You can participate in URAMAKI by accessing our various appliances through a staking and cooking process. Based on economic and game-theoretic dynamics the two strategies create a positive-sum environment in the market, a recipe for success.
$MAKI multi-reward staking program allows users to receive incentives in the $MAKI token while also rewarding stakers with the most profitable projects across DeFi, allowing them to own a diversified portfolio. This unique model will gradually inflate to a fixed supply and once that limit is reached fees generated by our utilities will be used to buyback/burn $MAKI at which point our tokenomics will become deflationary.
In accordance with this idea each $MAKI token is backed by a basket of ingredients (ETH, USDT, USDC, MAKI-USDC LP etc) and other assets acquired during the project development, giving it an intrinsic value that is supported by a floor price.
In contrast to its predecessors, who based their projects on the bonding and POL concepts, Uramaki is building DeFi apps and other appliances from the early days of its existence in order to increase the flow of assets into the Kitchen (thanks to fees collected from these services) and then utilize these ingredients to accumulate undervalued assets that will significantly raise the value of the entire TVL.
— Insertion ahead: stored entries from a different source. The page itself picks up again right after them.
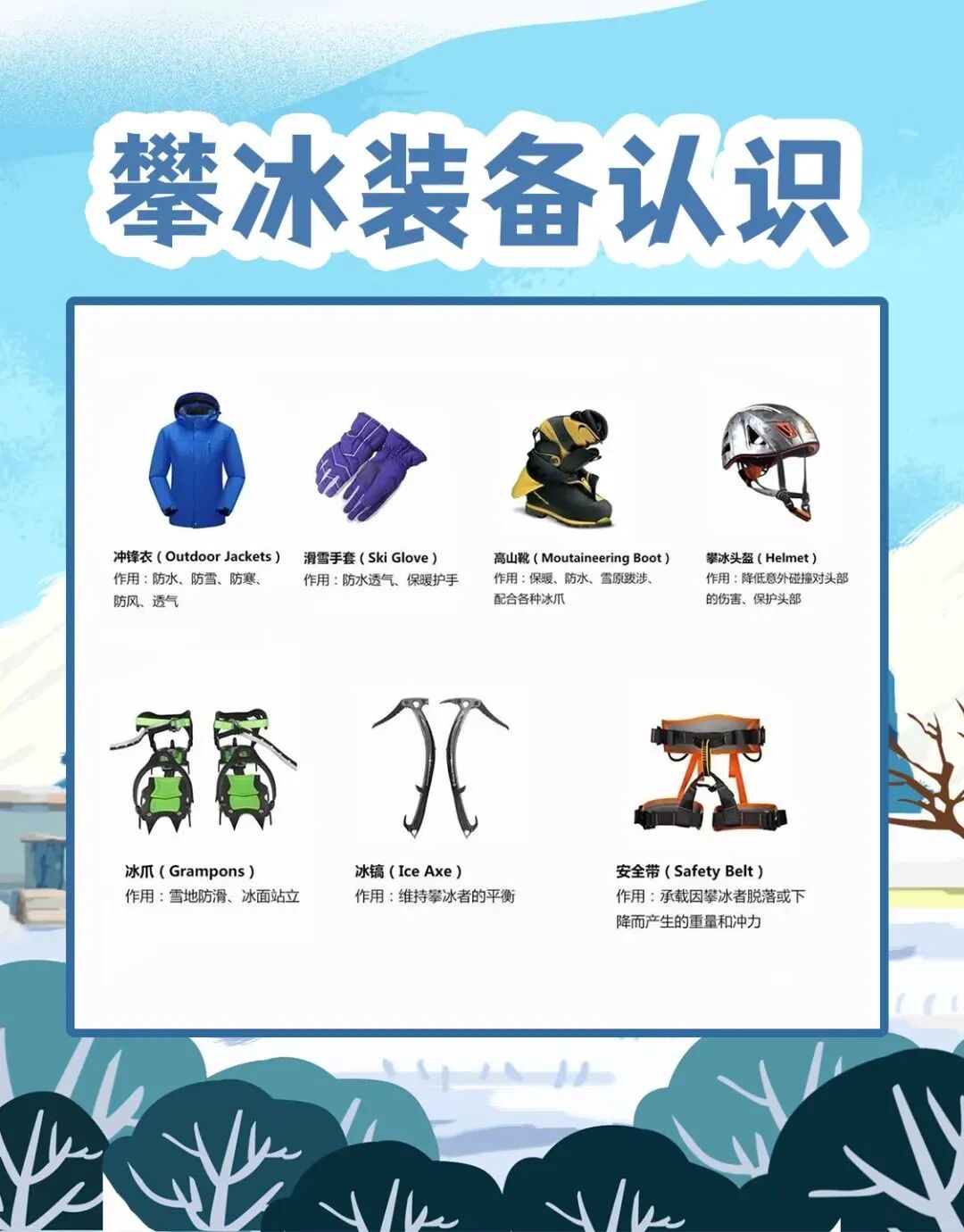 全程活动都是在有攀冰装备(冰镐、冰爪、高山靴、安全带、头盔、手套、绳索等)和专业教练的保护下进行,保证大家的安全!
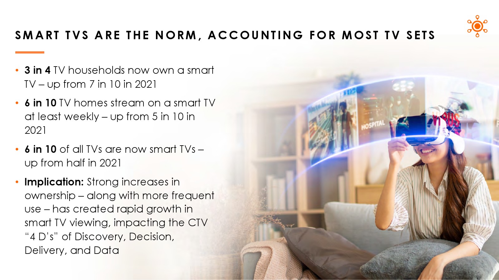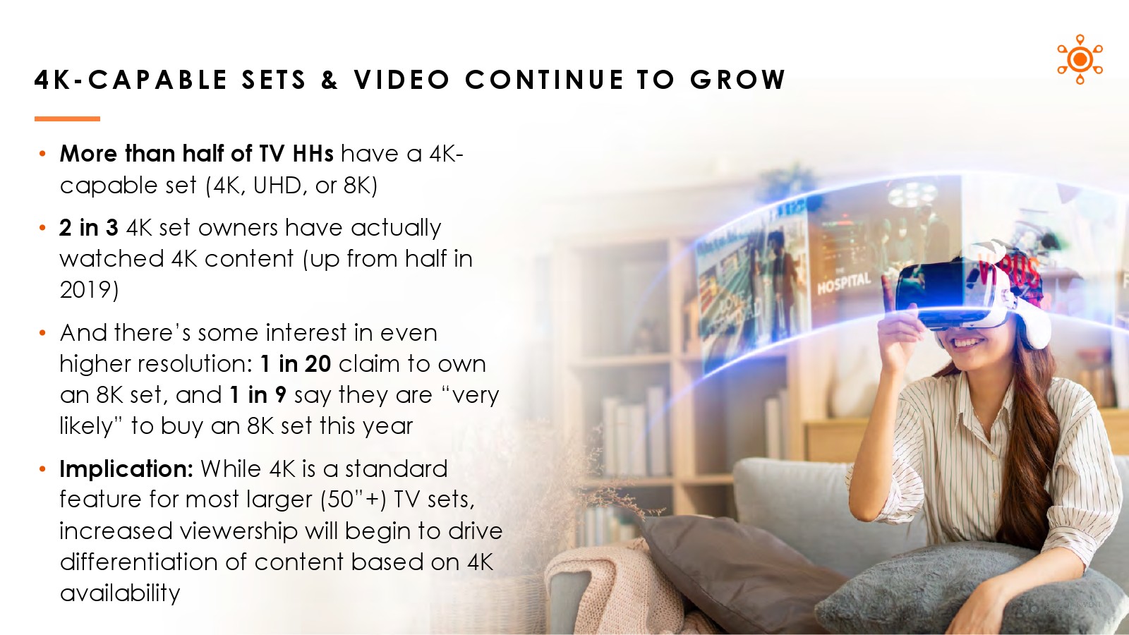 此外,报告称,智能电视的数量也在不断增长。美国人拥有的10台电视机中就有超过6台是智能电视(61%),高于2020年45%的份额。
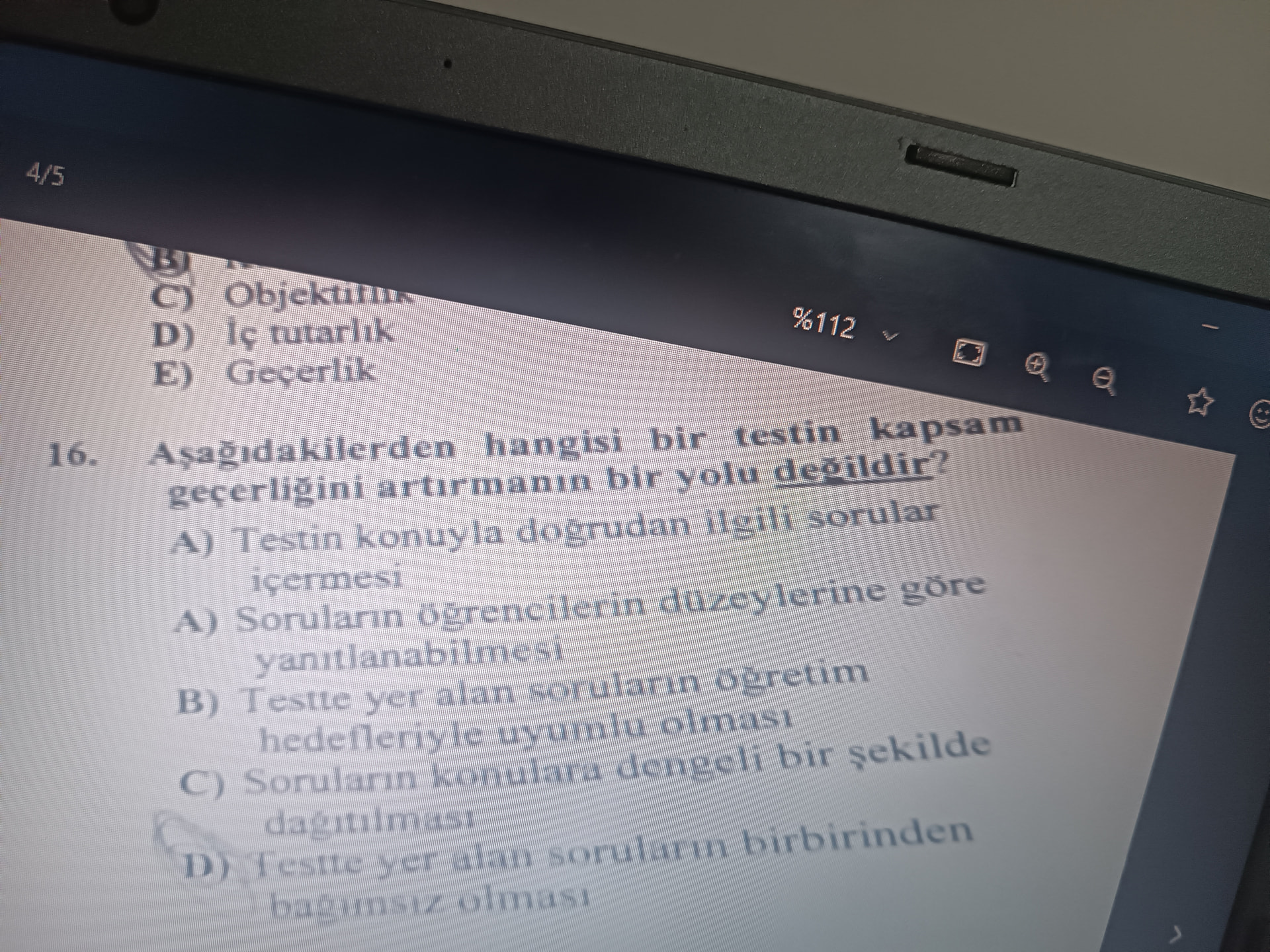 Genel açıklama: Görsel, eğitimde ölçme ve değerlendirme konusuna ait çoktan seçmeli bir sınav sayfasını içeriyor; özellikle kapsam geçerliği ve ölçme ilkeleriyle ilgili seçenekler yer alıyor.

The more valuable assets we gather for our Kitchen, the higher the floor price and, consequently, the intrinsic value of each individual token. This is of particular importance because a higher floor price will allow investors to liquidate some of their rewards through an inverted cooking mechanism, which will calculate the price of redemption based on the value of the assets held in the Kitchen divided by the number of $MAKI tokens that have been issued. With this approach, investors can liquidate some of their holdings without negative impact on the chart, enabling uninterrupted development & growth of the protocol. This function will be introduced in the stage 2 of project development. Our initial objective is TVL growth which will serve as support for future expansion and enable additional investments.
There is also difference in the usecase for staked MAKI (sMAKI). Users who staked their MAKI and earned sMAKI in exchange will be able to earn further revenue from the real yield protocols across the DeFi space. This way, MAKI holders will be able to earn more MAKI through staking while also generating passive yields from DeFi’s bluechips. These additional rewards will be distributed from TVL, with the amount determined by the Kitchen’s performance and feasibility.
To compete with other major providers of similar services, some of our services will offer known and popular utilities. Others will be more innovative — for instance, we are developing an appliance that will allow teams & developers to liquidate their team tokens without actually harming the chart and killing their own projects.
Initial Protocol State: Staking (stake $MAKI, earn $MAKI), cooking, and trading will all be available at launch. Over time, further features will be introduced.